** INFORMATION SHOWN **
/---
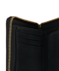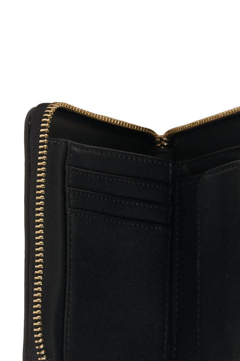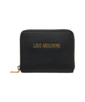 Dieses kompakte Portemonnaie von Love Moschino präsentiert sich in einer strukturierten Kunstlederoptik. Es ist mit einem praktischen Rundum-Reißverschluss versehen, der einfachen Zugang zu den Innenfächern ermöglicht. Ein prominenter goldfarbener Logoschriftzug auf der Vorderseite sowie passende Reißverschlussdetails setzen glänzende Akzente. Dieses Accessoire vereint Funktionalität mit dem charakteristischen Design der Marke.
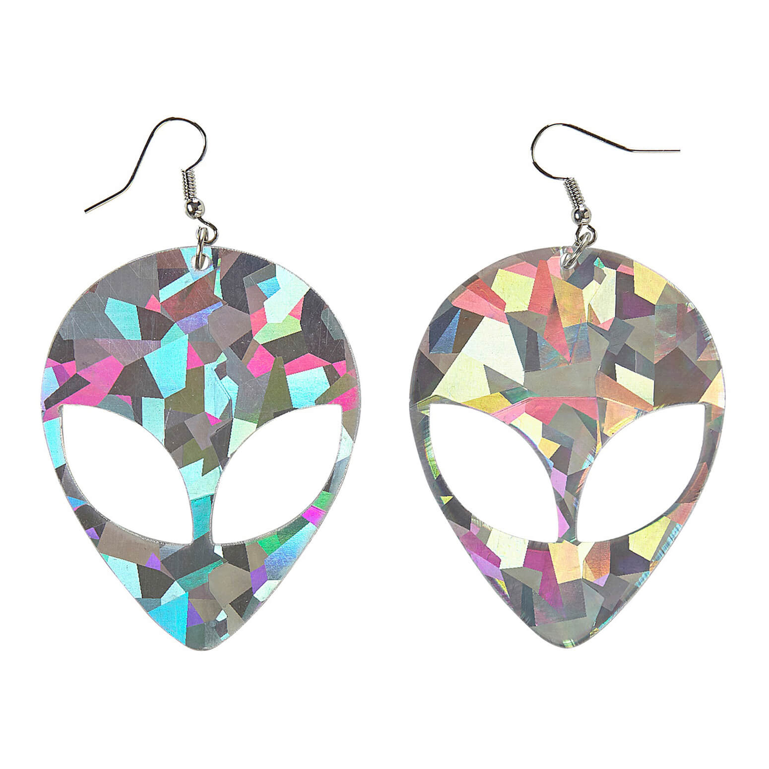 Alien Ohrringe Ohrhänger für Ohrlöcher in Holooptik silber-bunt
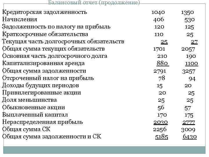 Балансовый отчет (продолжение) Кредиторская задолженность Начисления Задолженность по налогу на прибыль Краткосрочные обязательства Текущая часть долгосрочных обязательств Общая сумма текущих обязательств Основная часть долгосрочного долга Капитализированная аренда Общая сумма задолженности Отсроченный налог на прибыль Доходы будущих периодов Привилегированные акции Доля меньшинства Обыкновенные акции Выплаченный капитал Нераспределенная прибыль Общая сумма СК Общая сумма задолженности и СК 1040 406 120 110 25 1701 210 880 2791 78 15 20 25 56 170 2030 2256 5185 1350 530 125 25 27 2057 190 1100 3257 94 20 25 25 57 175 2777 3009 6430
\---
** TASK GOAL **
Retype word for word all the material given above, and keep the pictures out.

** REPLY **
 Dieses kompakte Portemonnaie von Love Moschino präsentiert sich in einer strukturierten Kunstlederoptik. Es ist mit einem praktischen Rundum-Reißverschluss versehen, der einfachen Zugang zu den Innenfächern ermöglicht. Ein prominenter goldfarbener Logoschriftzug auf der Vorderseite sowie passende Reißverschlussdetails setzen glänzende Akzente. Dieses Accessoire vereint Funktionalität mit dem charakteristischen Design der Marke.
 Alien Ohrringe Ohrhänger für Ohrlöcher in Holooptik silber-bunt
 Балансовый отчет (продолжение) Кредиторская задолженность Начисления Задолженность по налогу на прибыль Краткосрочные обязательства Текущая часть долгосрочных обязательств Общая сумма текущих обязательств Основная часть долгосрочного долга Капитализированная аренда Общая сумма задолженности Отсроченный налог на прибыль Доходы будущих периодов Привилегированные акции Доля меньшинства Обыкновенные акции Выплаченный капитал Нераспределенная прибыль Общая сумма СК Общая сумма задолженности и СК 1040 406 120 110 25 1701 210 880 2791 78 15 20 25 56 170 2030 2256 5185 1350 530 125 25 27 2057 190 1100 3257 94 20 25 25 57 175 2777 3009 6430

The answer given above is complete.